I am the skunk at the garden party. Yes, Tom Cruise’s new “updated” Top Gun: Maverick movie is a real crowd pleaser, especially in the United States, and is racking up the box office numbers that thrill the Hollywood executives keen on retaining their jobs. But the movie is stupid because it is glorifying an outdated technology and is operating as a hallucinogen on the American public’s belief of how future wars will be fought. The movie is very well made but it is a military anachronism.
Here is the military mission:
Maverick is ordered to train an elite group of F/A-18E/F Super Hornet aviators assembled by Vice Admiral Beau “Cyclone” Simpson and Rear Admiral Solomon “Warlock” Bates for an urgent mission: to bomb a foreign country’s unsanctioned uranium enrichment plant. The plant sits in a deep depression at the end of a canyon and is defended by surface-to-air missiles and 5th-generation fighters operating from a nearby air base.
Why are U.S. Commanders and politicians putting the lives of “elite” pilots at risk when the mission can be carried out by an air launched, such as the AGM-88 HARM or AGM-158C LRASM (Long Range Anti-Ship Missile). A pilot does not need to fly into the Valley of Death to deliver a missile on target.
The movie also ignores the fact that modern combat aircraft can perform better without a pilot sitting inside the cockpit. The modern planes being flown remotely can maneuver at speeds and g-forces that surpass anything a pilot can do or survive if inside the cockpit. In fact, one of the major costs in producing the advanced fighters are the systems installed to keep pilots alive and prevent them from being killed by the force of gravity.
Top Gun: Maverick is well equipped horse decked out in all sorts of gizmos being sent to attack a machine gun post. It is because of the machine gun and more precise artillery that the U.S. Army finally stopped fielding horse cavalry units just prior to WW II.
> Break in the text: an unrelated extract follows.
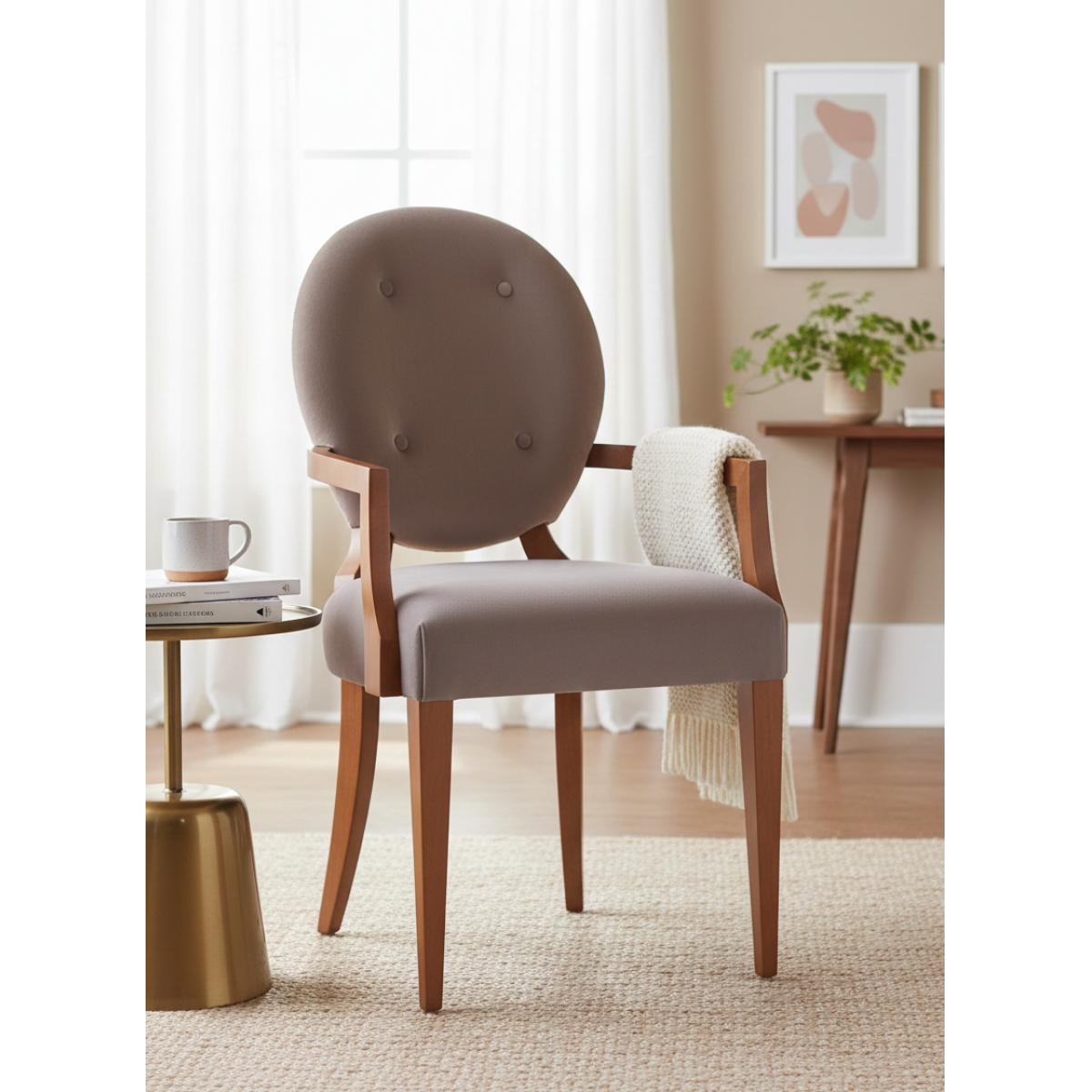 This luxury upholstered dining armchair features plush beige velvet upholstery with a button-tufted back and elegant wooden legs. Ideal for luxury chairs for dining room collections, this chair brings a sophisticated touch of comfort and style to any luxury dining chairs setup.

Thanks to some of you, Andrei Martyanov’s book, Losing Military Supremacy, has topped the Amazon charts for books on military strategy. Andrei addresses the technological foolishness of America’s defense spending as well as the strategy guiding those purchases.
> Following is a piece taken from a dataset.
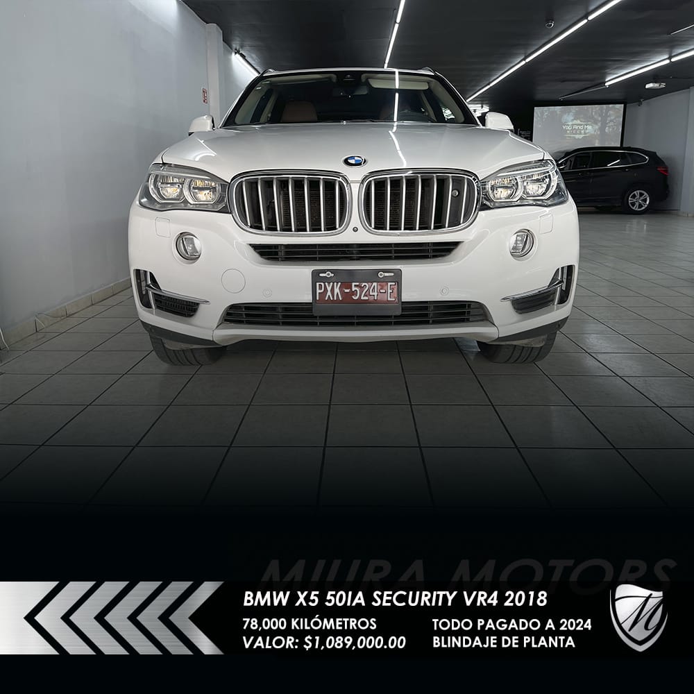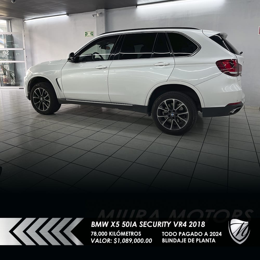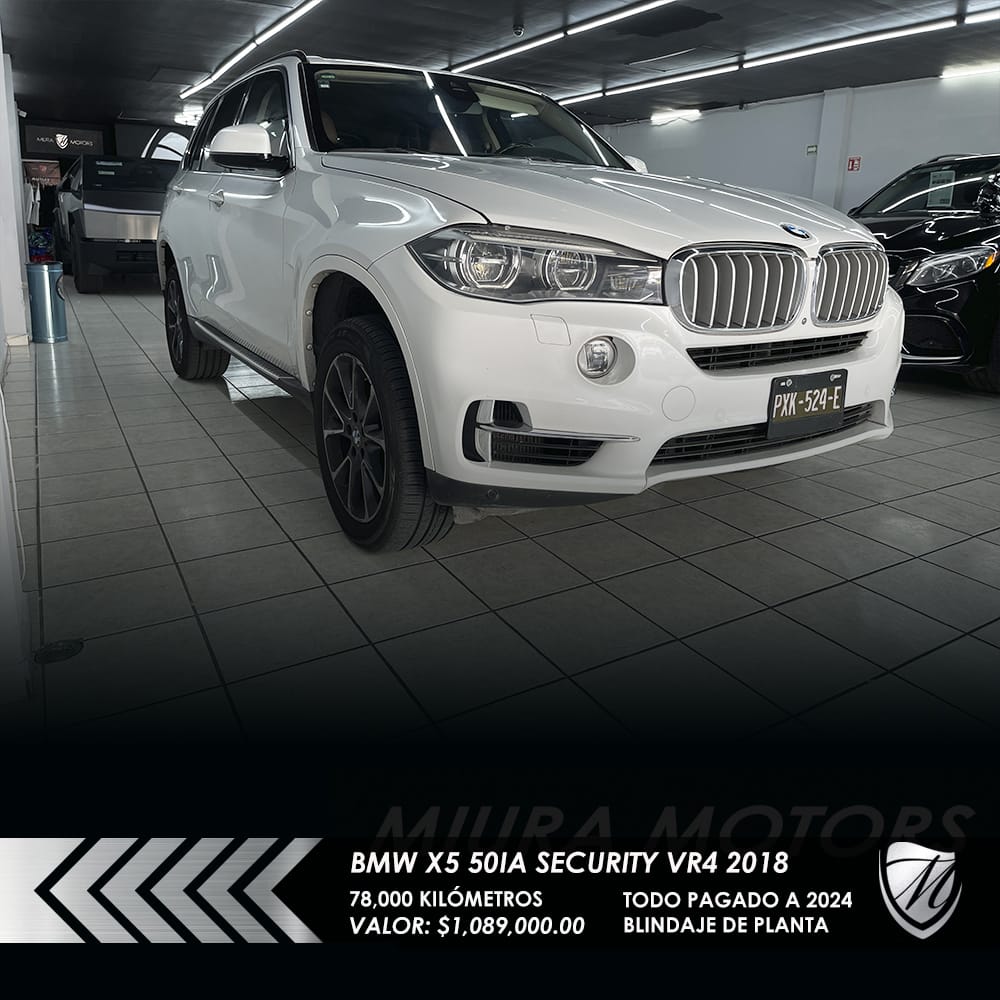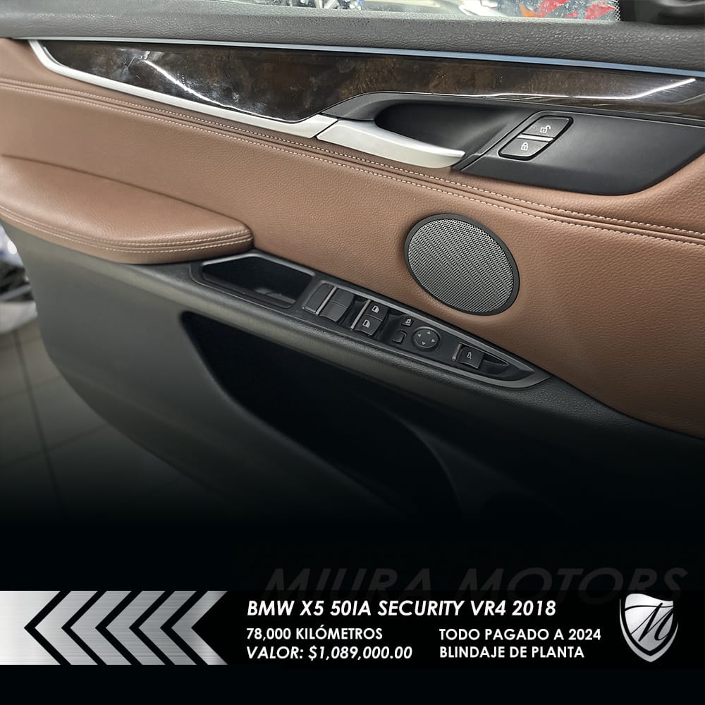 Segura blindada BMW X5 xDrive 50ia Security Nivel blindaje VR4 2018, máxima seguridad; resiste calibres que van desde 9 mm Luger, .357 Magnum y hasta .44 Magnum, 78,000 kilómetros, Precio: $1,089,000.00. Protege a tu familia! Pregunta por forma de pago. ¡Apártala y gánala!

Russia’s special military operation in Ukraine has exposed some shortcomings. Counter battery fire, for example, is limited. How do I know? Because Ukrainian artillery units continue to shell Donetsk and the Donetsk Republic. If Russia’s counter battery was fully effective those artillery pieces would cease operating. Russia has not yet eliminated that threat.
Modern weaponry on the battlefield makes it easier for one army to kill the enemy with more precision and less collateral damage. That is the theory. But when Ukrainian military units put their emplacements in the middle of civilian housing, hospitals and churches, collateral damage will occur and can create bad public press.
Russia’s control of the air space in Ukraine gives it a lopsided advantage in fighting the entrenched Ukrainians. Persistent strikes with air to ground missiles, smart and conventional bombs and artillery is destroying Ukraine’s ability to hold territory and defeat the Russians.
One final thought–the continued supply of western weapons to Ukraine is a game changer in the sense that it will compel Russia to carry out devastating attacks on Ukrainian government command centers and on locations in Ukraine filled with representatives of NATO and the United States. When that happens (or if it happens) the ante has been upped and the west will face the choice of responding militarily and risk expanding the war into western Europe or the U.S. and NATO will cash in their chips and walk away to lick their wounds. The only certainty is that Russia is not going to back down and surrender Ukraine to the west.